We present a 16-month-old fraternal twin male born at 35 weeks and 5 days gestational age via cesarean section. He was born with a myelomeningocele and associated Chiari II malformation and underwent surgical repair of the former immediately after birth. His infancy was complicated by hydrocephalus, which was treated by VP shunt placement at age 6 days. Fifteen months after the shunt was placed, he presented to the emergency department with a 2-day history of clear fluid draining from the scrotal sac with acute onset of emesis and progressive lethargy.
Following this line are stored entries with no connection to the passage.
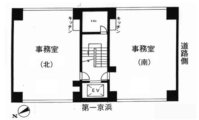 建物中央にエレベーター、階段、隔階男女別トイレがあり、その左右に貸室を配した造りになっています。
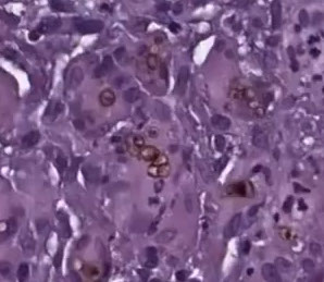 Micro: necrotizing granuloma of subcutis c spherical organisms c central basophilia, internal septation and double layer walls
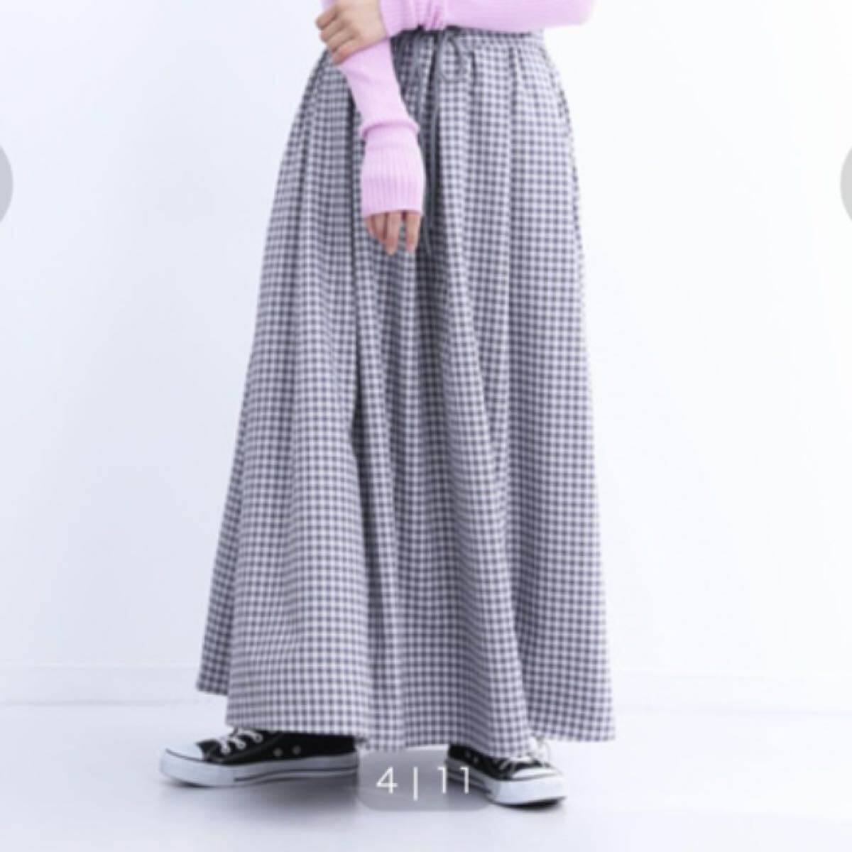 > ドロストタックフレアスカート ロングスカート 背面ウエストゴム グレーチェック ギンガムチェック マキシ丈スカート マキシスカート
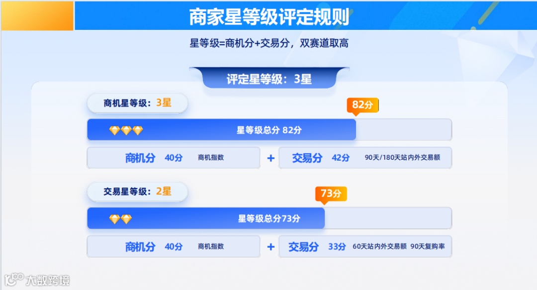 简单理解: 如果你新品爆单多但复购少,就主攻商机赛道;如果你老客户返单多,就主攻交易赛道。系统会自动选你得分高的那条路给你定星级。
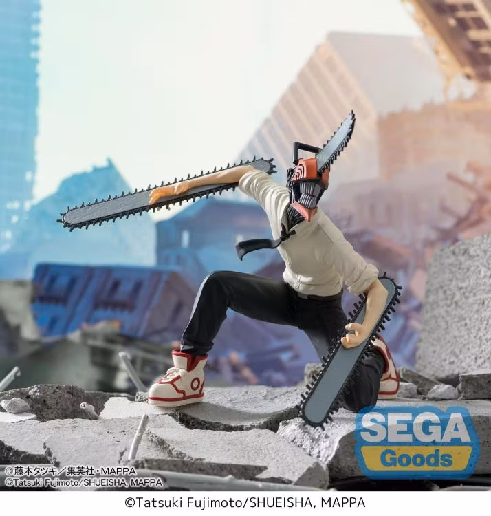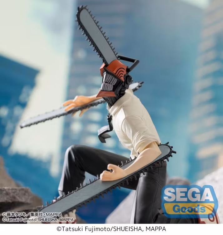 Segas Premium Perching-figurserie har en mängd olika karaktärer från olika källor skulpterade med förmågan att "sitta upp", vanligtvis i sittande ställning, från hyllor och avsatser. Den här gången har Denji som Chainsaw Man från animen, Chainsaw Man, återskapats som ett mycket detaljerat tillägg till PM Perching-serien, med en skulptur som förblir trogen karaktärens ursprungliga design som ses i dess respektive media.
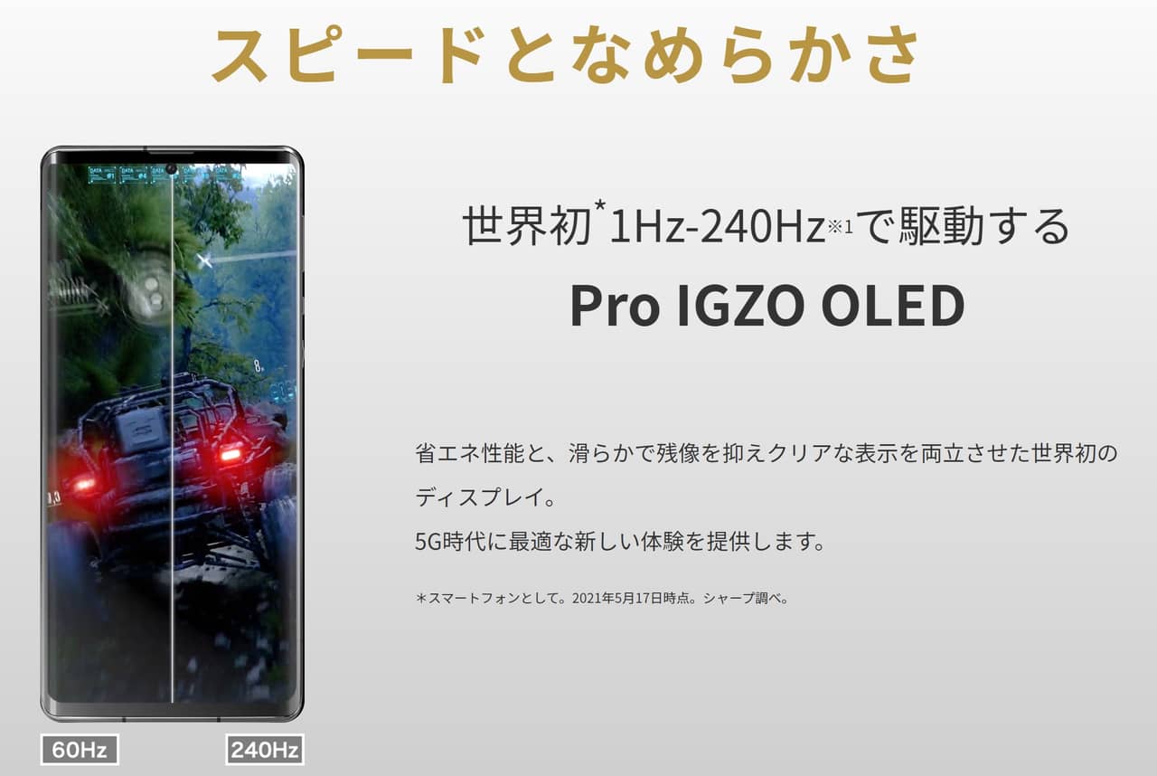 ▼ディスプレイはパンチホール&エッジ型で、有機ELのPro IGZO OLEDを採用!さらに擬似240Hz表示対応で、スクロールが超なめらかに動きます。指に吸い付いて離れないような動きで目に疲れにくいのが魅力!ハイエンドならではな部分です。↓

One week prior to this admission, the patient had undergone a right orchiopexy for an undescended testes and indirect inguinal hernia repair, made challenging by testicular adhesions to the abdominal wall and scarring in the inguinal canal secondary to irritation and inflammation from the VP shunt. In the emergency department, he was found to have leukocytosis and anion gap acidosis. On physical examination, vital signs were stable and clear fluid was dripping from the right scrotal incision.

CSF from the shunt reservoir was sent for analysis. Given the high concern for CSF leak and VP shunt infection, he was started on empiric antibiotics for meningitis by the emergency department. Computed tomography (CT) demonstrated an intact right VP shunt with the catheter tip in the right lateral abdomen without obstruction or mechanical failure. Ultrasound of the abdomen and scrotum showed fluid collection within the right scrotal sac. Computed tomography (CT) of the abdomen and pelvis demonstrated the distal VP shunt catheter within the right inguinal canal, draining CSF into the scrotum via a patent processus vaginalis ([Fig. 1]).

Zoom Image
Fig. 1 Coronally oriented CT demonstrating malpositioned tip of the distal shunt within the right inguinal canal with a patent processus vaginalis and CSF within the right scrotal sac (white asterisk).
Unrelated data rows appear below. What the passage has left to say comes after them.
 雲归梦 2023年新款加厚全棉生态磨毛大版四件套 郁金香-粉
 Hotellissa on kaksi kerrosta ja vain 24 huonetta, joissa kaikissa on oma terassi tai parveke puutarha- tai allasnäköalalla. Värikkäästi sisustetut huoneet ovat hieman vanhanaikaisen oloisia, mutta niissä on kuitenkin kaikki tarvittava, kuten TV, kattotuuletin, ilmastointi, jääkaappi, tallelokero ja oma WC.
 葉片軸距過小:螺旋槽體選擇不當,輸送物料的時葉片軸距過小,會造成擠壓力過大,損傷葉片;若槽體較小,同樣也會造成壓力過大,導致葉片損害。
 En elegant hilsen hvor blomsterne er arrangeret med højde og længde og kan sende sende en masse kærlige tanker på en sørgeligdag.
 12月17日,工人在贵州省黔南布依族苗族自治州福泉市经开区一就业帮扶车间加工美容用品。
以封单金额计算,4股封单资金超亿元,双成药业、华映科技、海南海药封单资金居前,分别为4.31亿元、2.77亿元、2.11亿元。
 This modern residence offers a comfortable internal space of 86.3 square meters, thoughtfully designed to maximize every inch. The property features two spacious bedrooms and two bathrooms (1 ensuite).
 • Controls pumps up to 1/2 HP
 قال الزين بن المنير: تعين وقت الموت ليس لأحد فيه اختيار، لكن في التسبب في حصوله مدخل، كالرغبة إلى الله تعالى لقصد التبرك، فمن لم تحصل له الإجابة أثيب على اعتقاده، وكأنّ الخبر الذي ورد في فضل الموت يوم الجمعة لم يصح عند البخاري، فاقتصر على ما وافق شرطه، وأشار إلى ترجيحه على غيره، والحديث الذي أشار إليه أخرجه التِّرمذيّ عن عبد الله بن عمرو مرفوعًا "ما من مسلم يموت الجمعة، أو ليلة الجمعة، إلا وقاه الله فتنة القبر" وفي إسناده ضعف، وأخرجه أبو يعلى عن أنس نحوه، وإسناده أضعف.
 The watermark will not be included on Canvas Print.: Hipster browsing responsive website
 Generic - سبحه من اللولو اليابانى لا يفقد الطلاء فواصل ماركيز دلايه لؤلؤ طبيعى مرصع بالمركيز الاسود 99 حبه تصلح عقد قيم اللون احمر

Given these radiographic findings, decision was made to externalize the shunt and repair the scrotal dehiscence. The procedures were performed without issue and the patient was monitored postoperatively in the pediatric intensive care unit. Drain output was continuously monitored and remained stable. Eleven days later, it was determined that the scrotal dehiscence and urological interventions to close the patent processus vaginalis had healed enough to re-internalize the shunt. CSF cultures (including the original samples from the VP shunt reservoir) remained negative. The distal catheter was re-internalized into the patient's abdomen without complication. The patient was discharged home on postoperative day 3. The patient has been doing well without return of symptoms or other postoperative concerns at 12-months follow-up.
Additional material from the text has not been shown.